▶ _SOURCE DATA_
........
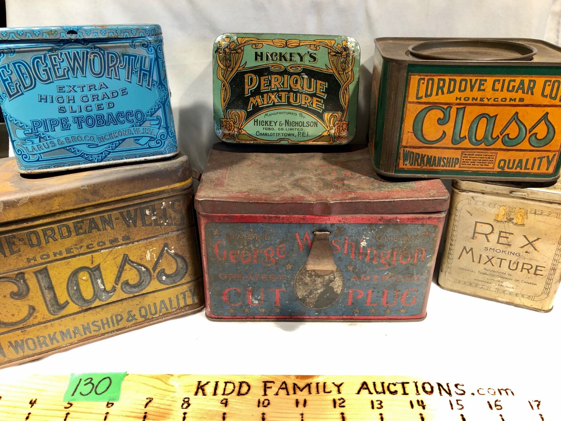 GR OF 6, TOBACCO TINS INCLUDING GEORGE WASHINGTON, REX, CLASS, HICKEY'S & EDGEWORTH
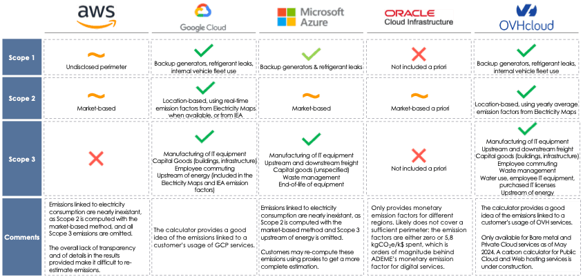 The main cloud providers’ carbon neutrality claims have not matured much over the years: Amazon still wishes to reach ‘net-zero across its operations by 2040’, Microsoft are still committed to being ‘carbon negative by 2030’ ; despite the absence of a clear scientific definition for ‘carbon neutral’ company [9] and the misleading nature of this terminology. Google has dropped its ‘carbon neutral since 2007’ claim in favor of a ‘net-zero by 2030’ objective. Other large-scale cloud providers such as Oracle and Alibaba Cloud aim for “carbon neutrality” by 2025 and 2030, respectively.
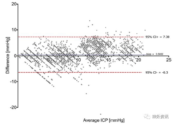 图3. Bland-Altman法显示有创与无创ICP监测的一致性良好。
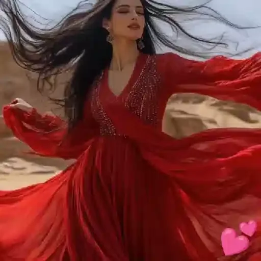 Mujer con vestido rojo y cabello al viento en un paisaje desértico con dos corazones rosas en la esquina inferior derecha.
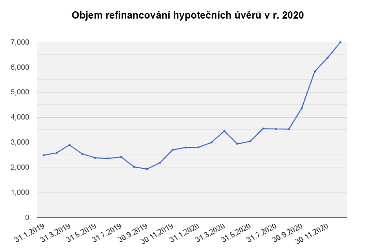 Refinancování hypotečních úvěrů od bank a stavebních spořitelen (tj. přechod k jiné bance) za prosinec výrazně vzrostlo, a to na 7,0 mld. korun. To je největší objem refinancování v historii hypotečních úvěrů v ČR.
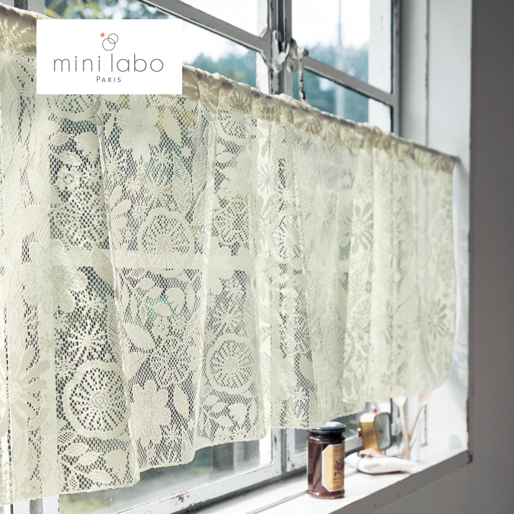 レースの小窓・カフェカーテン/刺繍のようなお花畑 「ミニラボ」
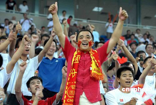 中國(guó)球迷賽后歡享勝利的甜蜜。
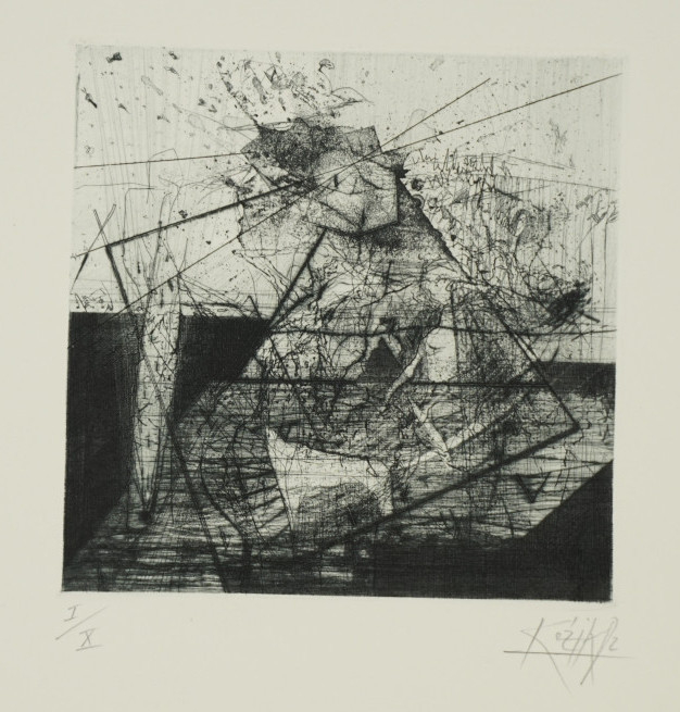 Galerie Metamorphosen der Fünftracht - 4. EingriffMappe: Clara Mosch "CM 4"Radierung, 15,5x15,5 22,0x22,5 cm, I/X 1982Claus/Morgner/Ranft/Ranft-Schinke/Kozik
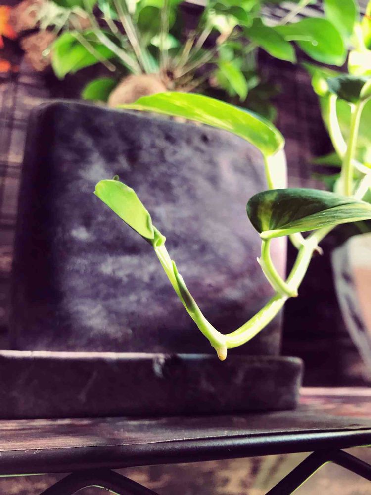 ジェルポリマーで水挿しにしてるポトスは新芽が開ききってもないのに次の新芽が頭をこんにちはさせてる🙄🌱
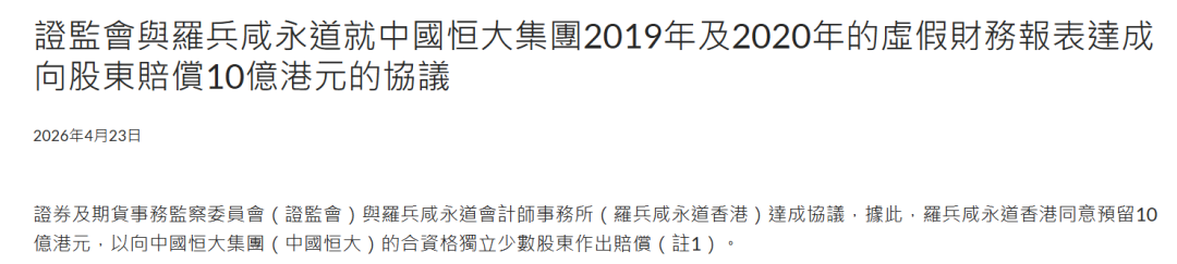 本文来自微信公众号: 财通社 ,作者:财通社,原文标题:《恒大财务造假余波未了!普华永道香港被罚3亿,还要拿10亿赔股东》
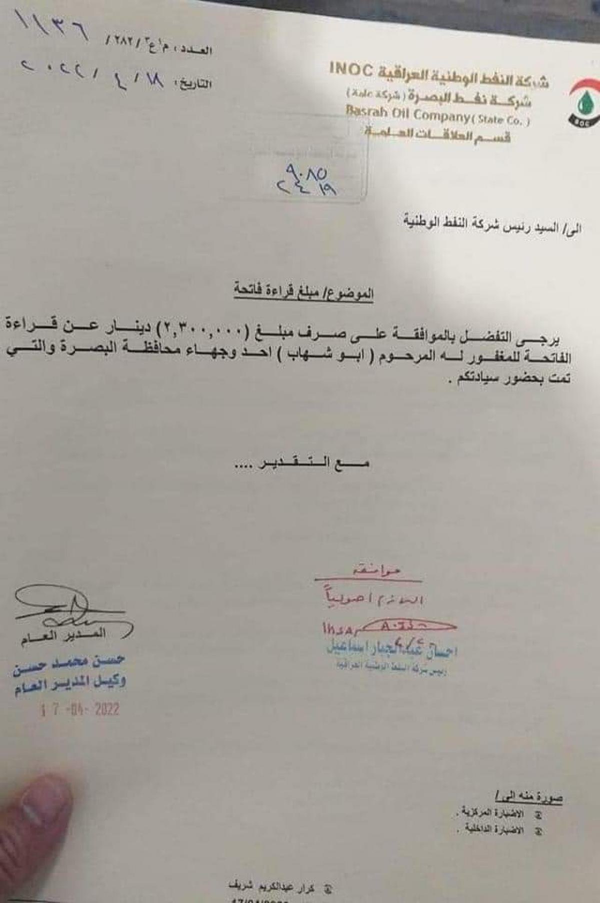كشفت وثيقة صادرة من شركة النفط الوطنية، تتضمن طلباً بصرف 1.3 مليون دينار مقابل "قراءة الفاتحة" على روح أحد وجهاء محافظة البصرة.
........
Skip the pictures. Restate exactly the lines from the start of the entries through the line containing "レースの小窓・カフェカーテン/刺繍のようなお花畑 「ミニラボ」", both ends included.

▶ _EXERCISE RESULT_
 GR OF 6, TOBACCO TINS INCLUDING GEORGE WASHINGTON, REX, CLASS, HICKEY'S & EDGEWORTH
 The main cloud providers’ carbon neutrality claims have not matured much over the years: Amazon still wishes to reach ‘net-zero across its operations by 2040’, Microsoft are still committed to being ‘carbon negative by 2030’ ; despite the absence of a clear scientific definition for ‘carbon neutral’ company [9] and the misleading nature of this terminology. Google has dropped its ‘carbon neutral since 2007’ claim in favor of a ‘net-zero by 2030’ objective. Other large-scale cloud providers such as Oracle and Alibaba Cloud aim for “carbon neutrality” by 2025 and 2030, respectively.
 图3. Bland-Altman法显示有创与无创ICP监测的一致性良好。
 Mujer con vestido rojo y cabello al viento en un paisaje desértico con dos corazones rosas en la esquina inferior derecha.
 Refinancování hypotečních úvěrů od bank a stavebních spořitelen (tj. přechod k jiné bance) za prosinec výrazně vzrostlo, a to na 7,0 mld. korun. To je největší objem refinancování v historii hypotečních úvěrů v ČR.
 レースの小窓・カフェカーテン/刺繍のようなお花畑 「ミニラボ」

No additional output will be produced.